Patterns in the GCC mergers and acquisitions landscape reveal an interesting pattern. The majority of transactions in both 2022 and 2023 were carried out by acquirers from the GCC.  Local players were responsible for a substantial 73 percent of the total completed transactions. Meanwhile, foreign acquirers were left with a 27 percent share.

GCC acquirers were particularly active in both local and cross-border transactions. They closed 80 transactions within their local markets so far this year, compared to 99 transactions in 2022. Additionally, GCC acquirers sealed 63 cross-border transactions during the first nine months of 2023. That is a minor decrease from the 64 cross-border transactions in the previous year.
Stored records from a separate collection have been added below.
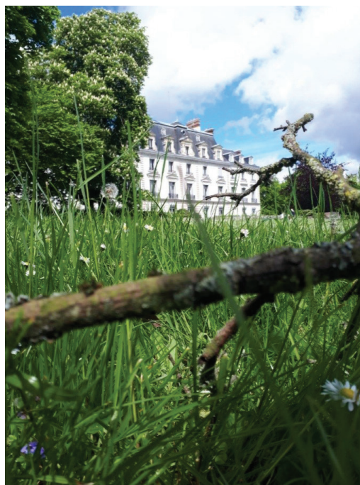
Jules DELSENY, 3 ème branche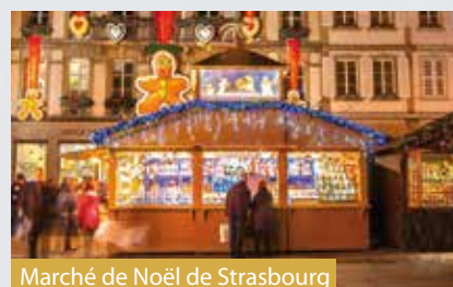
Marché de Noël de Strasbourg

Dispos et repus après une bonne nuit de sommeil et un délicieux buffet de petit déjeuner à bord, il est temps pour vous de quitter votre bateau. Après un trajet agréable jusqu'à Colmar, vous avez l'occasion de visiter le marché de Noël aux décorations festives de cette ravissante Vieille Ville pittoresque. Visitez la Vieille Ville aux illuminations féériques avant de repasser sur le marché de Noël pour y faire vos derniers achats. La tête remplie d'impressions inoubliables, vous êtes ensuite ramenés jusqu'à votre lieu de départ par votre sympathique chauffeur.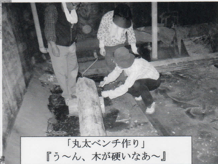
「丸太ベンチ作り」 『う～ん、木が硬いなあ～』

畝は作って頂いていたので、表面の土を平らに均す作業から開始。道具が重い！でも気持ちのいい汗です。種まきの要領を教わり、さあ、種まき！軽くて薄い種が無事に芽を出してくれるのか、楽しみが増えました。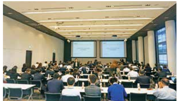
決算説明会(年2回開催)

機関投資家の皆さまに対して毎年5月と11月の年2回、決算説明会を開催し、経営トップが決算内容や経営方針、経営戦略について説明しています。また証券会社が主催するコンファレンスミーティングへも積極的に参加している他、スモールミーティングや施設見学会、個別取材にも随時対応し、機関投資家の皆さまと活発なコミュニケーションを図っています。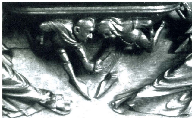
Figura 7. Misericordia MNAC. Fragmento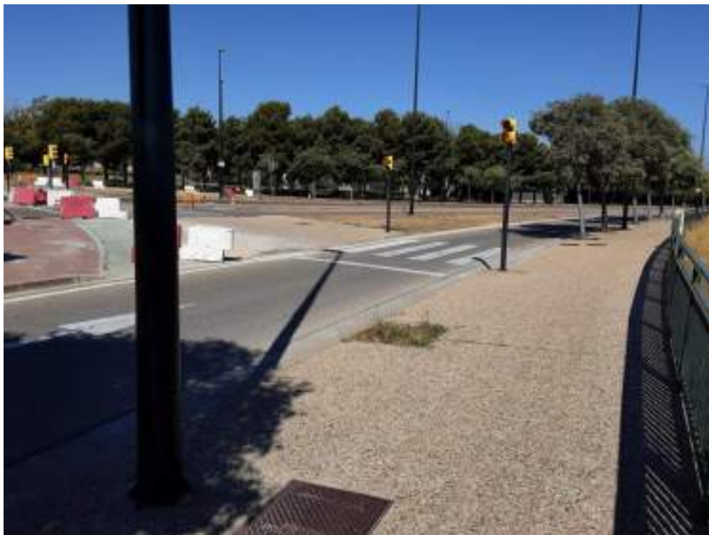
Foto del alcorque matrícula 60_269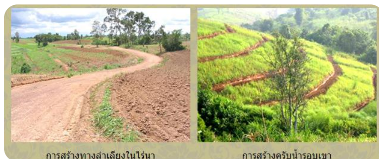
การสร้างทางสายในไรนา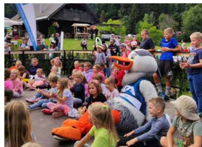
VITA IN OVČARSKI BAL NA ZATRNIKU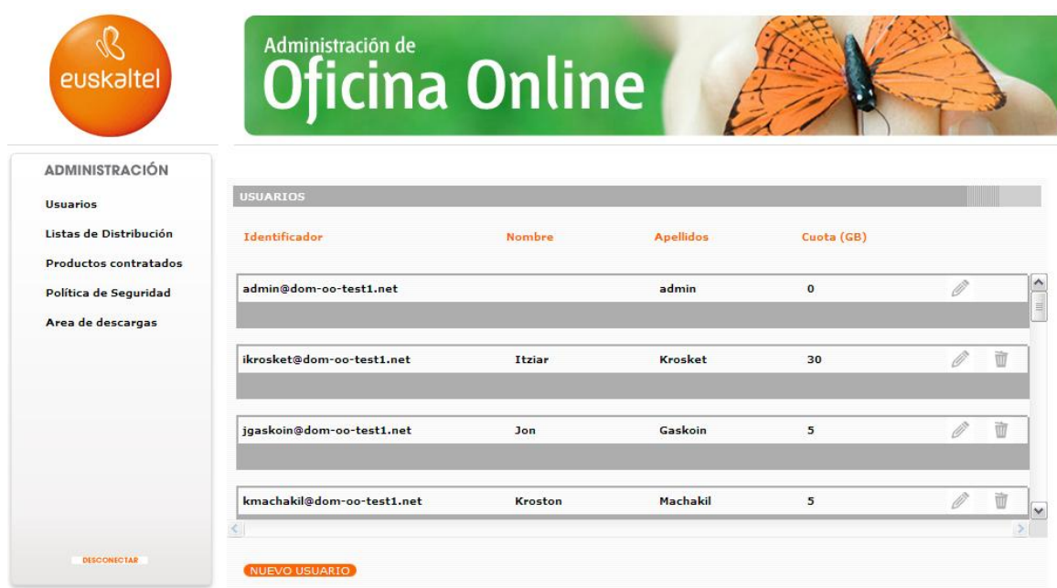
Ilustración 2: Administración de Oficina Online

Una vez registrado correctamente en la Consola de Administración, el Administrador accede a la Administración de Oficina Online:

Within this segment, UAE buyers headed cross-border activity, representing approximately 60 percent of the total activity. While Saudi Arabia and Qatar followed at 19 percent and 13 percent, respectively.

However, the report suggests that foreign interest in GCC targets experienced a slight decrease in the first nine months of 2023. Thus, 34 transactions were completed, marking a 13 percent year-over-year decline. Meanwhile, UAE remained a prime attraction for foreign buyers, finalizing 25 transactions in the first three quarters of 2023.

Sectors overview

M&A activity in the GCC during the first nine months of 2023 encompassed a wide array of sectors. Notably, the consumer discretionary, industrial, and information technology sectors emerged as the most active. They collectively contributed to 37 percent of the total transactions completed during this period. This diversification reflects the dynamic nature of the GCC’s economy and business environment.

Looking ahead, the GCC M&A market shows promising signs with 81 announced transactions in the pipeline so far. This is a decrease compared to the previous year, which witnessed 100 announced transactions. The majority of these transactions involved UAE targets which accounted for 40 percent of the total number of announced deals. Meanwhile, Saudi Arabia and Kuwait followed closely. Omani, Qatari, and Bahraini targets were also featured in the pipeline. However, it’s worth noting that all markets, except Oman, experienced a significant reduction in activity compared to 2022.